### Task prompt
Nothing but the lines below from the one with "ブルーベリー果肉を40%使用" through the one with "玄関ポーチの階段の移動用の手" should be output, each exactly as given, and no pictures.

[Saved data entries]
○ ○ ○

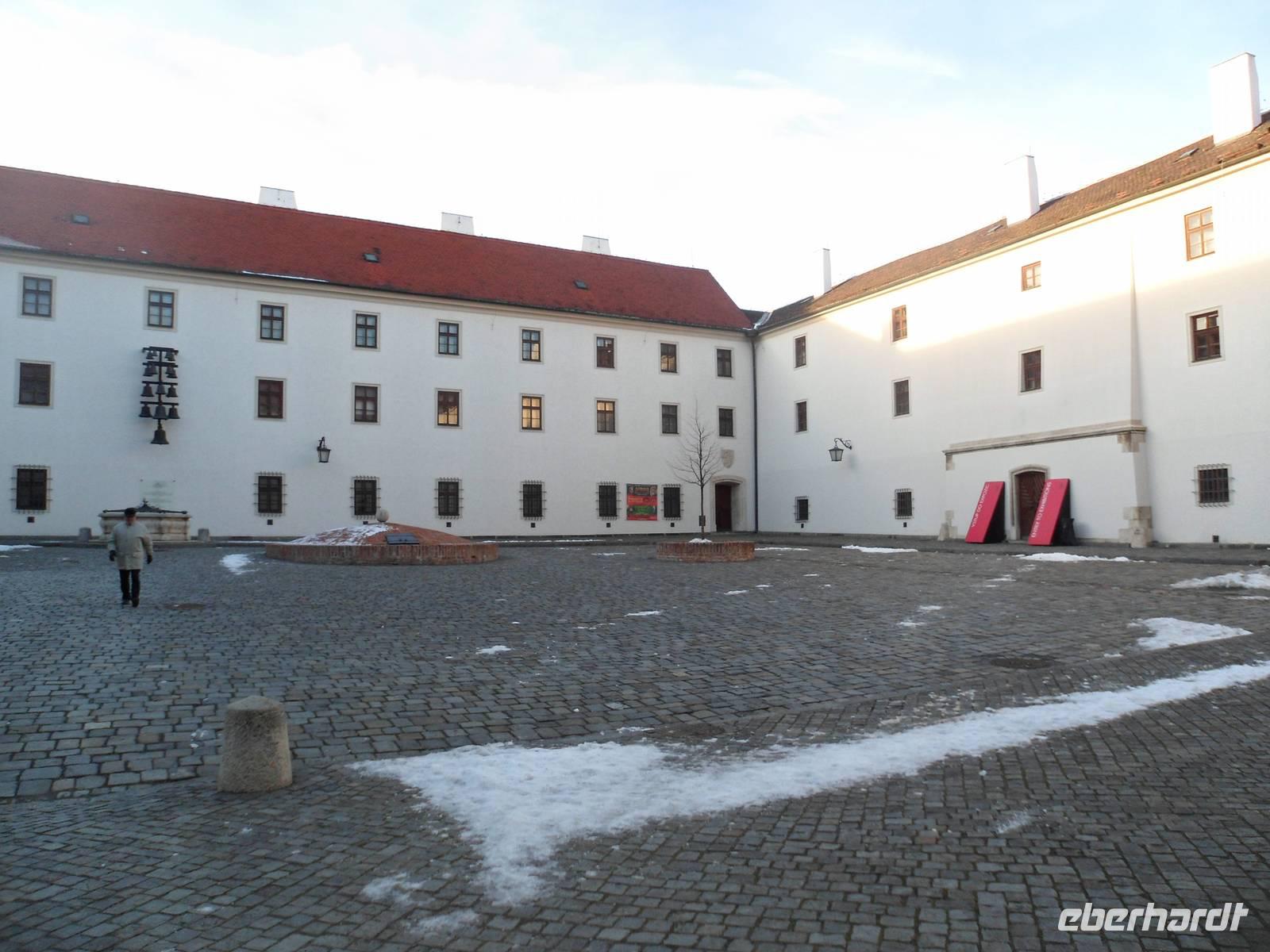 Lange Zeit hatte die Burg den Ruf des berüchtigtsten Gefängnisses des Habsburger Reiches. Vom Busparkplatz entlang der äußeren Burganlage - mit Blick auf Brünn - führte unser Rundgang bis in den Innenhof der quadratisch angelegten Burg. In den Räumlichkeiten der Burg befindet sich das Museum der Stadt Brünn.
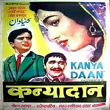 Kanyadaan (transl. Giving Away the Bride) is a 1968 Hindi social romantic drama film directed by Mohan Sehgal.[2] The film was produced by Rajendra Bhatia for Kiron Productions. The story and screenplay was written by R.A Baqueri with dialogue by Sarshar Sailani and director of photography was K. H. Kapadia.[3] The music direction was by Shankar Jaikishan and lyrics by Hasrat Jaipuri and Gopaldas Neeraj.[4] The film stars Shashi Kapoor, Asha Parekh, Om Prakash, Achala Sachdev, Dilip Raj, Sayeeda Khan and Padma Rani.[5]
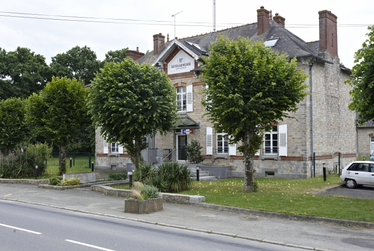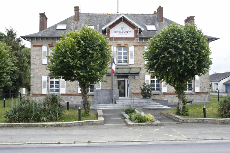 Cette gendarmerie est du même type que d'autres gendarmeries construites dans le département au début du 20e siècle, notamment celles d'Argentré-du-Plessis ou encore de Bruz. On retrouve en effet ici le très fréquent fronton triangulaire central. La toiture à croupes, l'usage de la brique comme élément de décor (linteau de baies, bandeaux...) ou encore l'appareillage différent selon les niveaux (soubassement en moellon à tête dressée et reste de l'édifice en moellon équarri) sont des éléments propres à l'architecture du début du 20e siècle.
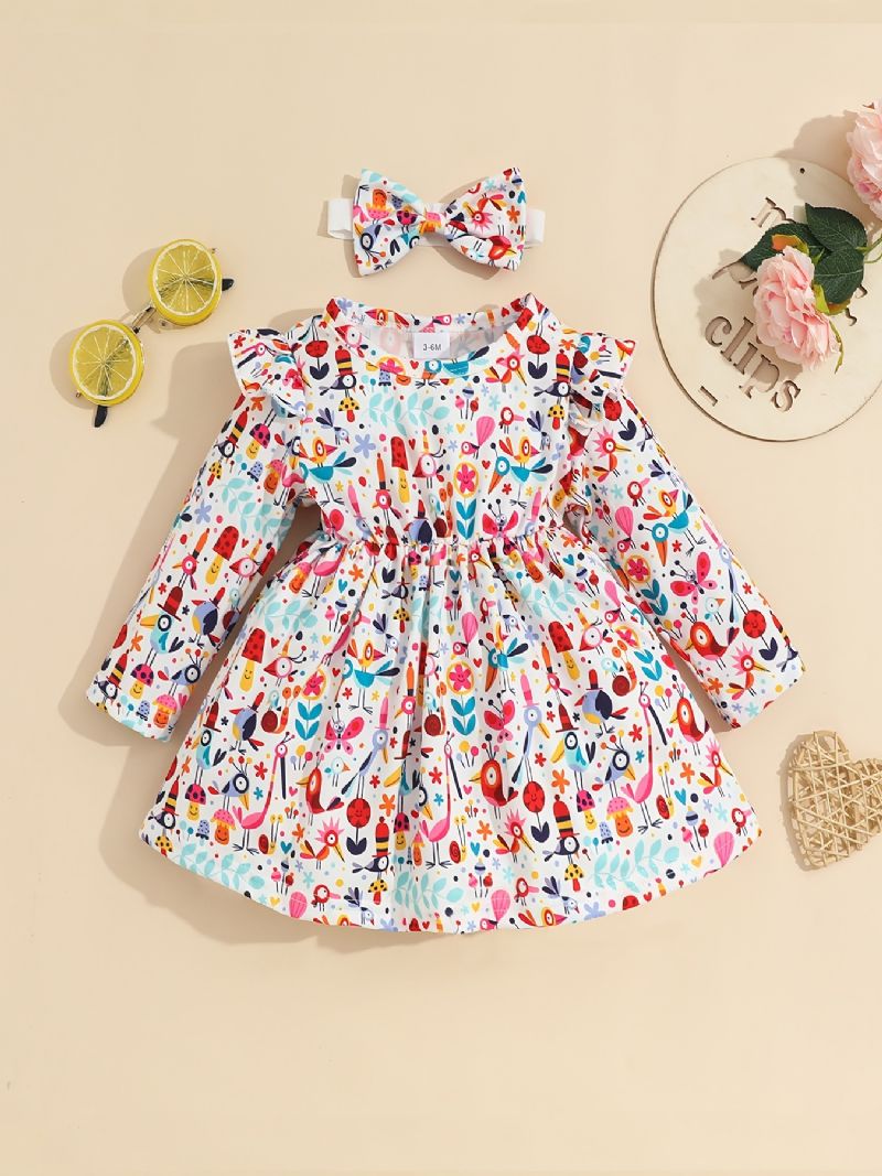 Tyttövauvojen Rento Sarjakuva Abstrakti Printti Röyhelöinen Mekko Ja Rusetti Otsanauha Juhliin
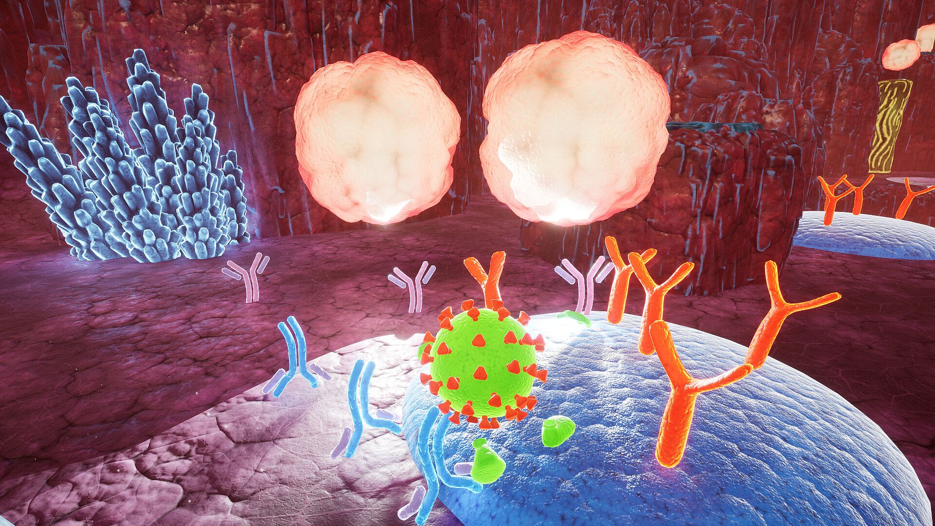 Explore inside the human body as a COVID-virus. A single player, action-adventure, indie game created by a doctor.
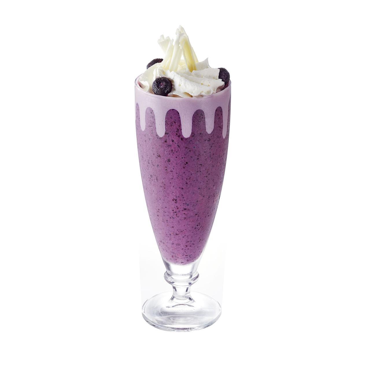 ブルーベリー果肉を40%使用、フルーティーな味わいのアイスチョコレートドリンク。ミルキーなホワイトチョコレートのやさしい甘さと、ブルーベリーの心地よい酸味、粒々の食感が楽しめる。
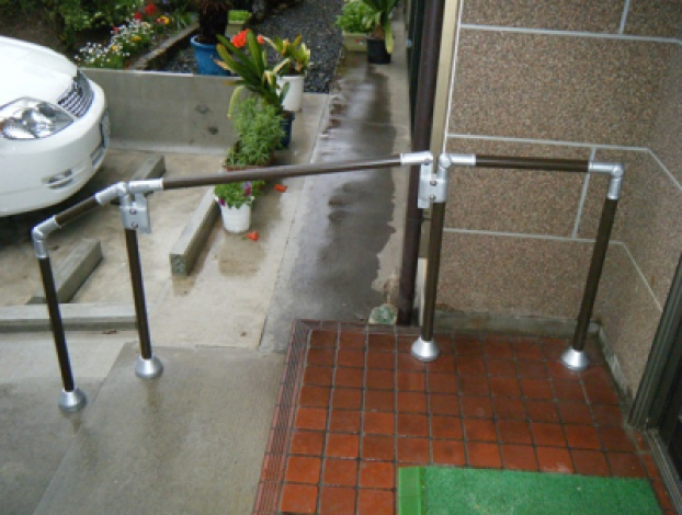 玄関ポーチの階段の移動用の手すりとして取付けられています。動線に合せて支柱が立てられていますが、目地のある石やタイルの床は、目地と支柱の位置関係の確認も必要です。
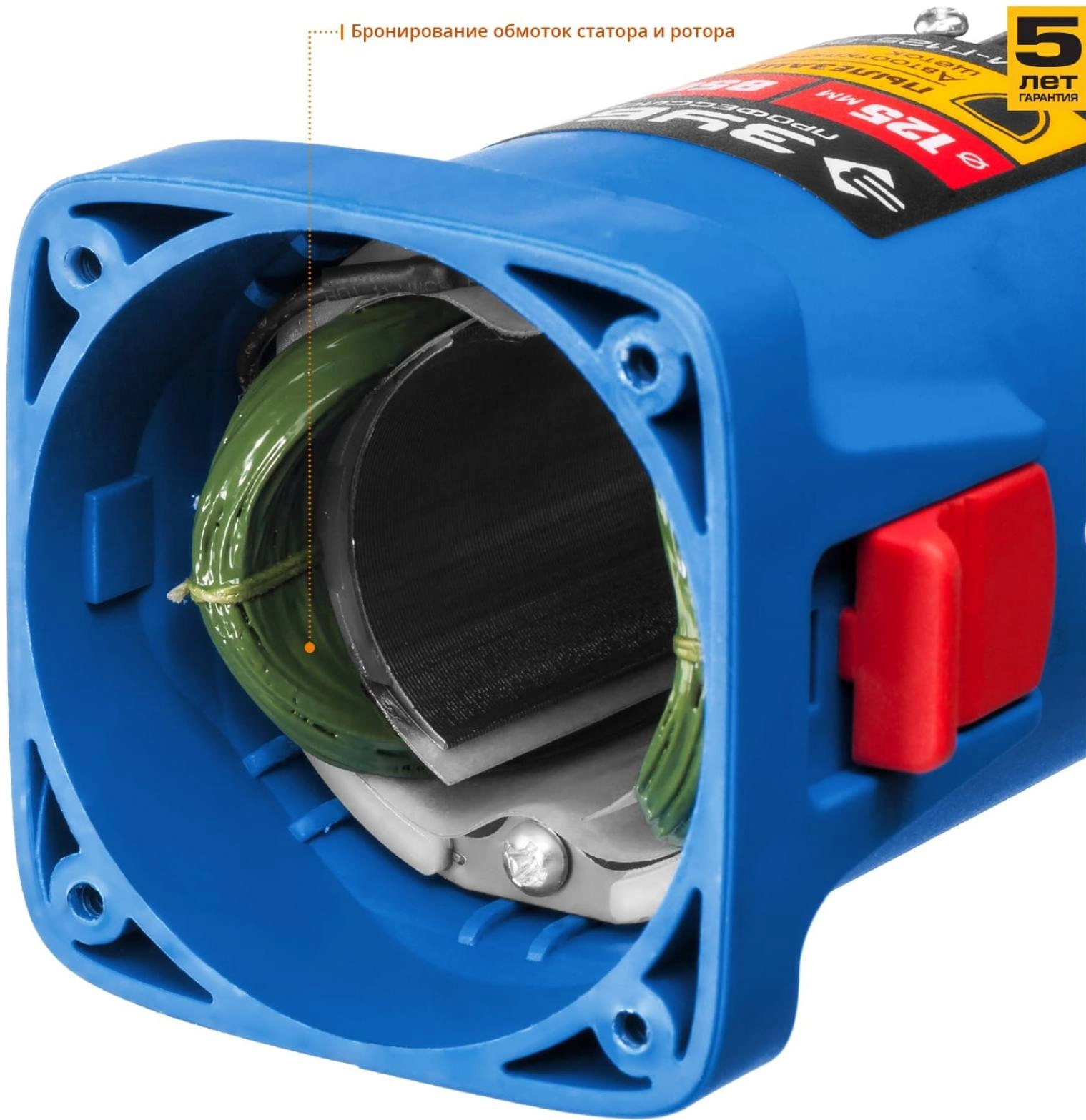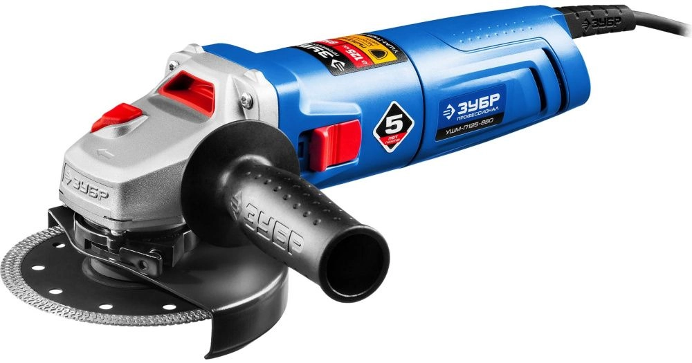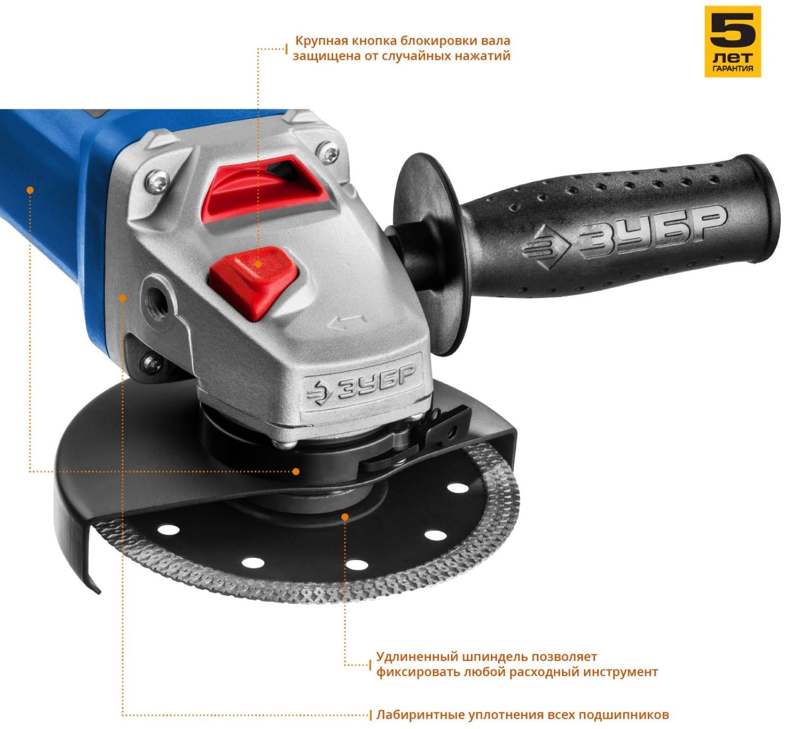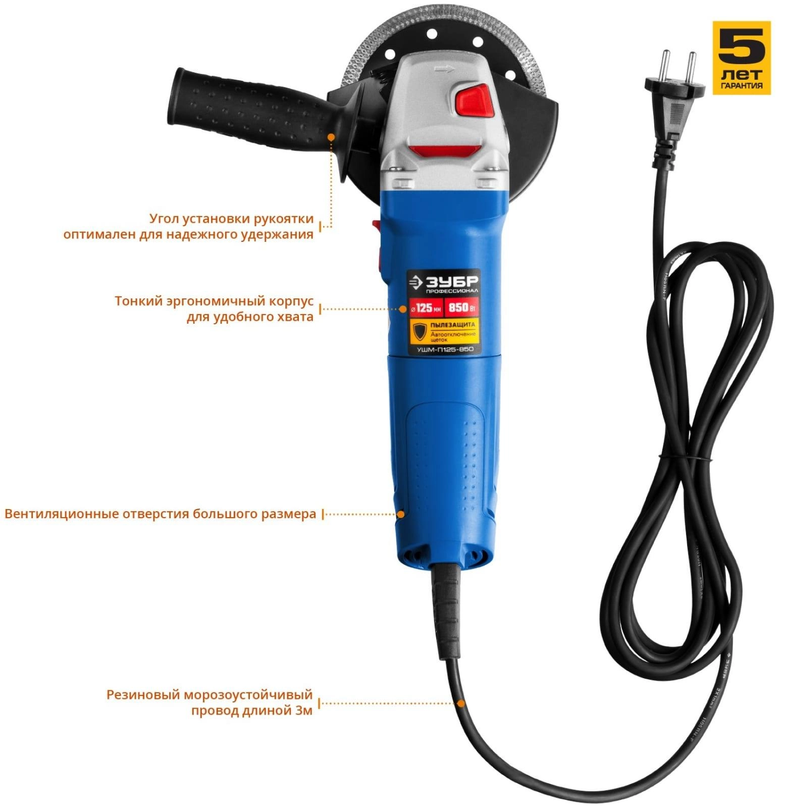ПРОФИУровень качества. При классификации продуктов, имеющих схожее наименование, но обладающие различными потребительскими свойствами мы приняли следующий Вес факторов: 80% - подтвержденный ресурс, 15% - заявленная производительность/скорость, 5% - субъективные ощущения потребителя. ПодробнееКод товара: 0031919ХарактеристикиАртикул УШМ-П125-850Бренды ЗубрСтрана производства КитайПотребляемая мощность 850Число оборотов холостого хода 11000Скорость вращения 11000Резьба шпинделя M14Макс. диаметр диска, мм 125Цвет серый/синий/черныйМатериал корпуса пластикДиаметр диска 125Длина сетевого шнура 3X-Lock нетКейс в комплекте нетДиаметр посадочного места 22.2Блокировка кнопки включения ДаТормоз двигателя НетБыстрозажимная гайка SDS НетВес 2.2Питание сетьКоличество отрезных дисков 1Полировальная машина нетРегулировка скорости оборотов нетКейс Нет«Константная» электроника нетОграничение пускового тока нетФиксация шпинделя естьЗащита от перегрузок НетСуперфланец ДаСистема стабилизации оборотов НетШирина 15Высота 11Патрубок для подключения пылесоса НетПрорезиненная рукоятка НетМаксимальная частота вращения диска 11000Съемный аккумулятор НетДополнительная рукоятка ДаТип рукоятки двухпозиционнаяГлубина 40Плавный пуск НетОписание товара обновлено 08.12.2025 14:27:54Угловая шлифмашина ЗУБР УШМ-П125-850, предназначена для зачистки, шлифовки и резки металлов, обработки бетона и камня при установке соответствующих шлифовальных, отрезных, алмазных кругов. Компактная универсальная модель для эффективной работы. Надежная защита основных узлов от пыли. Специально разработанный корпус редуктора для улучшения теплоотвода и обеспечения прочности самого нагруженного узла. Направляющий диффузор в системе обдува способствует стабильности температуры основных компонентов. Низкий уровень шума за счет редуктора с косозубыми коническими шестернями. Поворотная с шагом 90° голова позволяет настроить изделие под левую руку или для резки. Защитный кожух диска с мгновенной регулировкой положения удобным рычажком в одно движение. Блокировка шпинделя для быстрой замены диска. Фланцы из разного материала предотвращают чрезмерное затягивание диска при работе. Фирменная дополнительная рукоятка, устанавливаемая в 2 положениях. Простой доступ к щеткам для замены.Производитель: Крафтул И/Е Гмбх, Альтер Поствег Штр., Лоенинген, Германия

○ ○ ○

### Your solution
 ブルーベリー果肉を40%使用、フルーティーな味わいのアイスチョコレートドリンク。ミルキーなホワイトチョコレートのやさしい甘さと、ブルーベリーの心地よい酸味、粒々の食感が楽しめる。
 玄関ポーチの階段の移動用の手すりとして取付けられています。動線に合せて支柱が立てられていますが、目地のある石やタイルの床は、目地と支柱の位置関係の確認も必要です。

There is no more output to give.